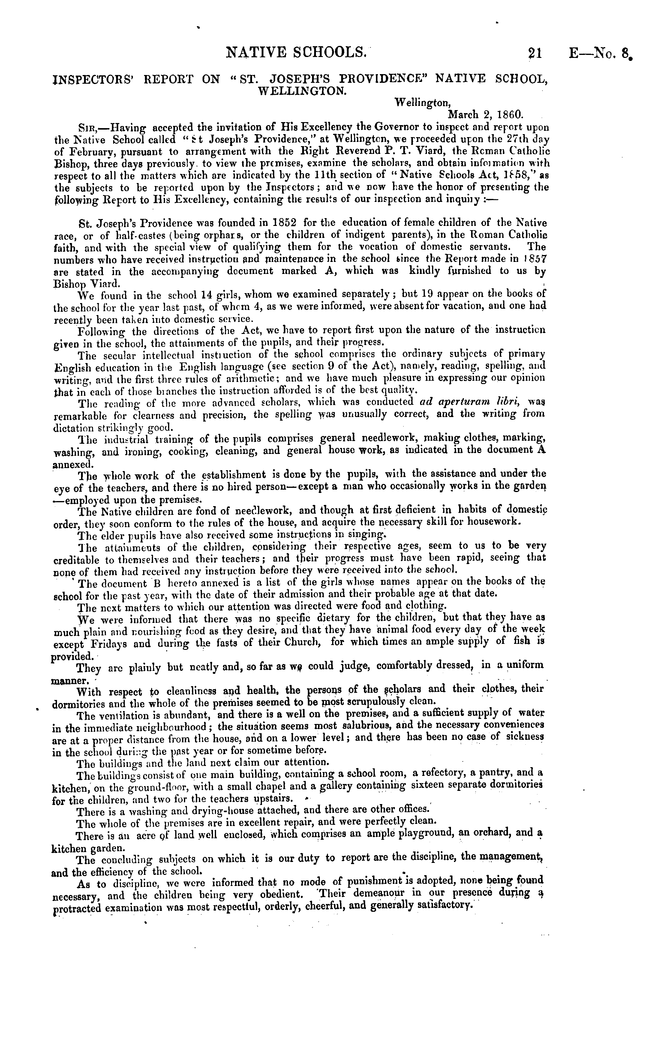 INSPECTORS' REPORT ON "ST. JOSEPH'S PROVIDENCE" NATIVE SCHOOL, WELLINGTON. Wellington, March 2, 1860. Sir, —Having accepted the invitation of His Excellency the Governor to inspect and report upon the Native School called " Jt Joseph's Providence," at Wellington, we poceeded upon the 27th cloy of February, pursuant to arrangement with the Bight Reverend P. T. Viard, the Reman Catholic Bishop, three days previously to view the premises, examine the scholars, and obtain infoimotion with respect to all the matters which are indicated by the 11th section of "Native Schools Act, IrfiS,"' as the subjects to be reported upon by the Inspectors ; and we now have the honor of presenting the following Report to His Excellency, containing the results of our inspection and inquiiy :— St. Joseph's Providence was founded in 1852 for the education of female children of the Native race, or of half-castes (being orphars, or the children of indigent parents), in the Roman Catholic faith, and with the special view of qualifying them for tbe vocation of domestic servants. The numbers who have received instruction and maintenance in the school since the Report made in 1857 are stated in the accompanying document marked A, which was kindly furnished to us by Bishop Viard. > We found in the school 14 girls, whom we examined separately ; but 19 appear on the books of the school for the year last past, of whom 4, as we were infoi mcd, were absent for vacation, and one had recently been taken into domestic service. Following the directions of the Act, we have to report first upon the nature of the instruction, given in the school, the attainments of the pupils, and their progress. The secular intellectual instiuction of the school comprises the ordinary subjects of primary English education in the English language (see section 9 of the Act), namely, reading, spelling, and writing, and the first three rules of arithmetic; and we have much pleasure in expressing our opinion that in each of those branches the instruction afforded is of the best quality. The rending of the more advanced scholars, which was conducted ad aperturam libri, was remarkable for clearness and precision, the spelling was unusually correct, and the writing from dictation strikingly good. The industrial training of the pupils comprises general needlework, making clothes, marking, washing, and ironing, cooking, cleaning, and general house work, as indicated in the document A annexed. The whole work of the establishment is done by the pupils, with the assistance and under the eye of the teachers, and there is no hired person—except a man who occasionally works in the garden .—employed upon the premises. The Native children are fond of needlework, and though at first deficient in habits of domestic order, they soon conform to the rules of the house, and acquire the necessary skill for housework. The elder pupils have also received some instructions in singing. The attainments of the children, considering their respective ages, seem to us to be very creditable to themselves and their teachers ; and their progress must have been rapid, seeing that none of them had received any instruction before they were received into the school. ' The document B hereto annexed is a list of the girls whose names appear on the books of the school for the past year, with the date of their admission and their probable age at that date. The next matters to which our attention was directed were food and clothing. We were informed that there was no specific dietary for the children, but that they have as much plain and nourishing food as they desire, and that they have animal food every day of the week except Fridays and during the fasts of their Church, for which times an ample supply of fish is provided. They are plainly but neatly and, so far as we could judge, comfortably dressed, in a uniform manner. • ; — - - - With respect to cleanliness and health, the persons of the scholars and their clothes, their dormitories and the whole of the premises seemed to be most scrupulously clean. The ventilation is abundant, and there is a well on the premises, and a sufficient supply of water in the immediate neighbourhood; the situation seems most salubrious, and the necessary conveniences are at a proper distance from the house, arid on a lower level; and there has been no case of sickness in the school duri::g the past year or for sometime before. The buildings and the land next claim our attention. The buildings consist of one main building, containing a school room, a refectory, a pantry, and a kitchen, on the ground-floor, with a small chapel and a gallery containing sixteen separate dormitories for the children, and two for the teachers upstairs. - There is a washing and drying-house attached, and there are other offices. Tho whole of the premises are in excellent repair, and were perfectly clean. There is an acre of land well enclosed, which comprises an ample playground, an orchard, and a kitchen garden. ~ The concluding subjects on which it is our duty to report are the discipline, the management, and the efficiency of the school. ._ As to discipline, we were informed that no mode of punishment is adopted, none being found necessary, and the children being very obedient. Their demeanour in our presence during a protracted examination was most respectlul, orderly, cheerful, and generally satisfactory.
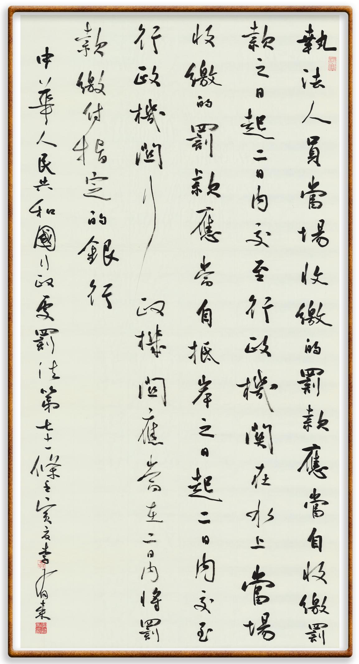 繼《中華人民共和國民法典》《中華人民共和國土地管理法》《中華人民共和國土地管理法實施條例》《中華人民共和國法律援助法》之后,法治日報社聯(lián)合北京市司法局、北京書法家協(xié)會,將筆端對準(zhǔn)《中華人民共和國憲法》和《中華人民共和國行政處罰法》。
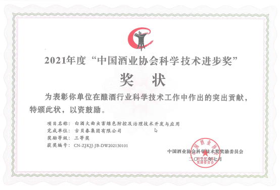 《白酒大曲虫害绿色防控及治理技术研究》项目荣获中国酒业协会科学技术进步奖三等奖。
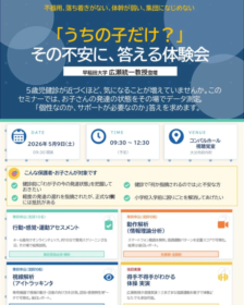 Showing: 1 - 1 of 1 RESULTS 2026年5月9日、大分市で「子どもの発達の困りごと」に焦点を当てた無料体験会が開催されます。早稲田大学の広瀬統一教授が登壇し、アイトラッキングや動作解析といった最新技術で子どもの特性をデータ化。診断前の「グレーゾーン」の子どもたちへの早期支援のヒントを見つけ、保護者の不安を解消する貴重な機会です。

---

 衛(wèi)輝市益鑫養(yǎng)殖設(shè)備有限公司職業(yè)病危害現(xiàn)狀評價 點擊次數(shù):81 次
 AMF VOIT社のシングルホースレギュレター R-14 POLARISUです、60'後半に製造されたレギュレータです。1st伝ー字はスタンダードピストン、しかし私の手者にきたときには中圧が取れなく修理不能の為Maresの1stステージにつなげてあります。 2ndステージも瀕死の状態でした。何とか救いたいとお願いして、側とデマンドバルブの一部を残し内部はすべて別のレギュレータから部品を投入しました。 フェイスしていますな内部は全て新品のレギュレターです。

==

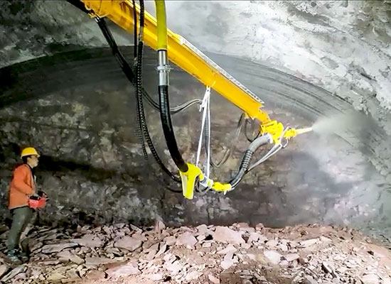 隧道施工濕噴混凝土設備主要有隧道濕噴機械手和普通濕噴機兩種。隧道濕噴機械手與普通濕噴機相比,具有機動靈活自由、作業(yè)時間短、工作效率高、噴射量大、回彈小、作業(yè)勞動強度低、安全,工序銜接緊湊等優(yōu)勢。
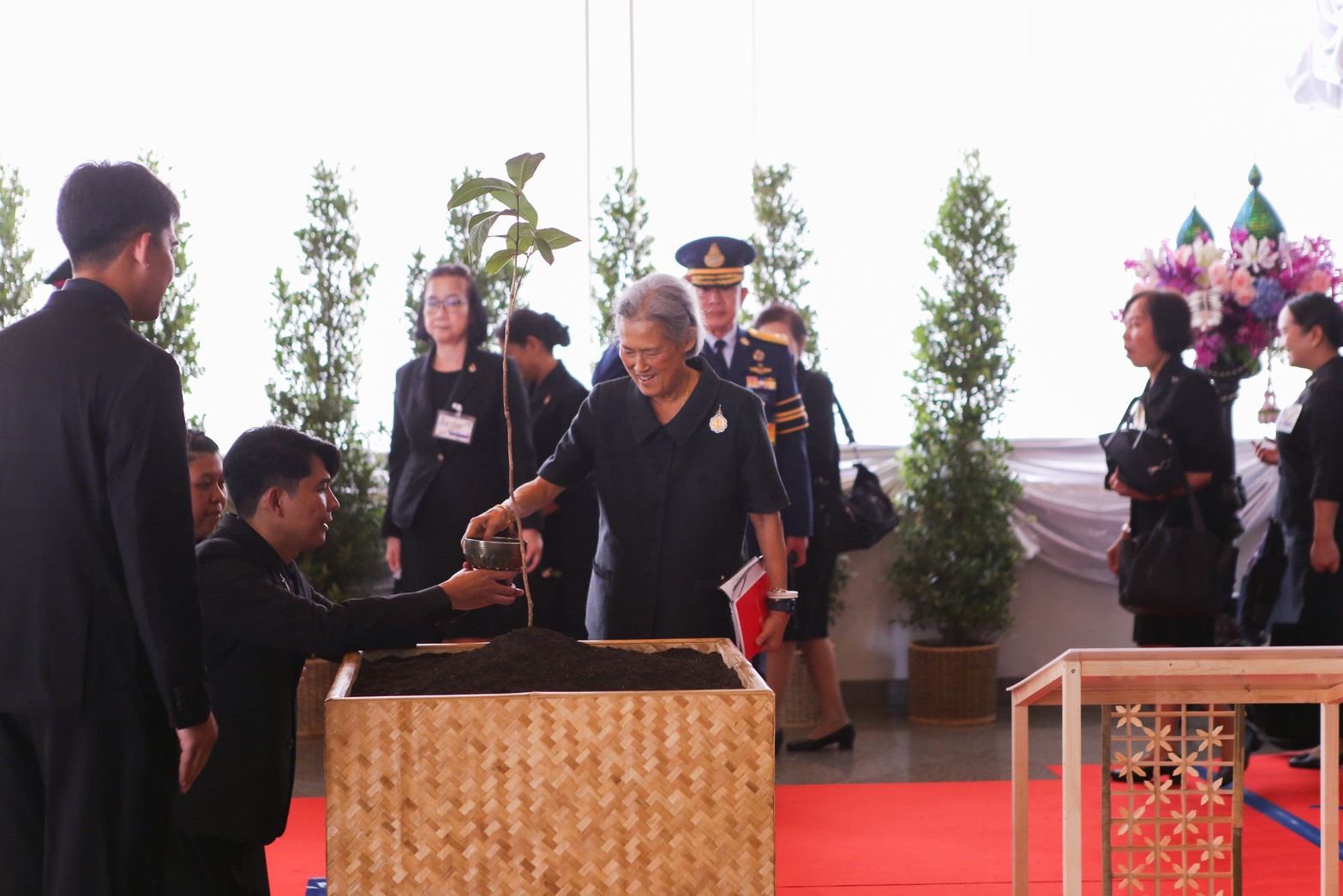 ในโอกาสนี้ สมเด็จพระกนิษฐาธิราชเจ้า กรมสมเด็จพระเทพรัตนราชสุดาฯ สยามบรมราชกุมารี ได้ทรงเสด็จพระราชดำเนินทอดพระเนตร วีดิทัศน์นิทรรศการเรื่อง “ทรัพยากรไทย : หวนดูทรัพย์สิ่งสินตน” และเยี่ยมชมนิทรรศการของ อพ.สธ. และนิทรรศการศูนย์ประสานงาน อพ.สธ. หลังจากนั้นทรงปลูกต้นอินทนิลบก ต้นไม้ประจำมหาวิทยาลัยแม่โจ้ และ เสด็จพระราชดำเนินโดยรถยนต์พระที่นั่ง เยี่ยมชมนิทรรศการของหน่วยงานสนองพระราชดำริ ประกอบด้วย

• [The problem]: Every line above between the one containing "隧道施工濕噴混凝土設備主要有" and the one containing "ในโอกาสนี้ สมเด็จพระกนิษฐาธิราชเจ้า กรมสมเด็จพระเทพรัตนราชสุดาฯ", those two included, is to be printed exactly. No pictures go into the copy.

• [Exercise solution]:
 隧道施工濕噴混凝土設備主要有隧道濕噴機械手和普通濕噴機兩種。隧道濕噴機械手與普通濕噴機相比,具有機動靈活自由、作業(yè)時間短、工作效率高、噴射量大、回彈小、作業(yè)勞動強度低、安全,工序銜接緊湊等優(yōu)勢。
 ในโอกาสนี้ สมเด็จพระกนิษฐาธิราชเจ้า กรมสมเด็จพระเทพรัตนราชสุดาฯ สยามบรมราชกุมารี ได้ทรงเสด็จพระราชดำเนินทอดพระเนตร วีดิทัศน์นิทรรศการเรื่อง “ทรัพยากรไทย : หวนดูทรัพย์สิ่งสินตน” และเยี่ยมชมนิทรรศการของ อพ.สธ. และนิทรรศการศูนย์ประสานงาน อพ.สธ. หลังจากนั้นทรงปลูกต้นอินทนิลบก ต้นไม้ประจำมหาวิทยาลัยแม่โจ้ และ เสด็จพระราชดำเนินโดยรถยนต์พระที่นั่ง เยี่ยมชมนิทรรศการของหน่วยงานสนองพระราชดำริ ประกอบด้วย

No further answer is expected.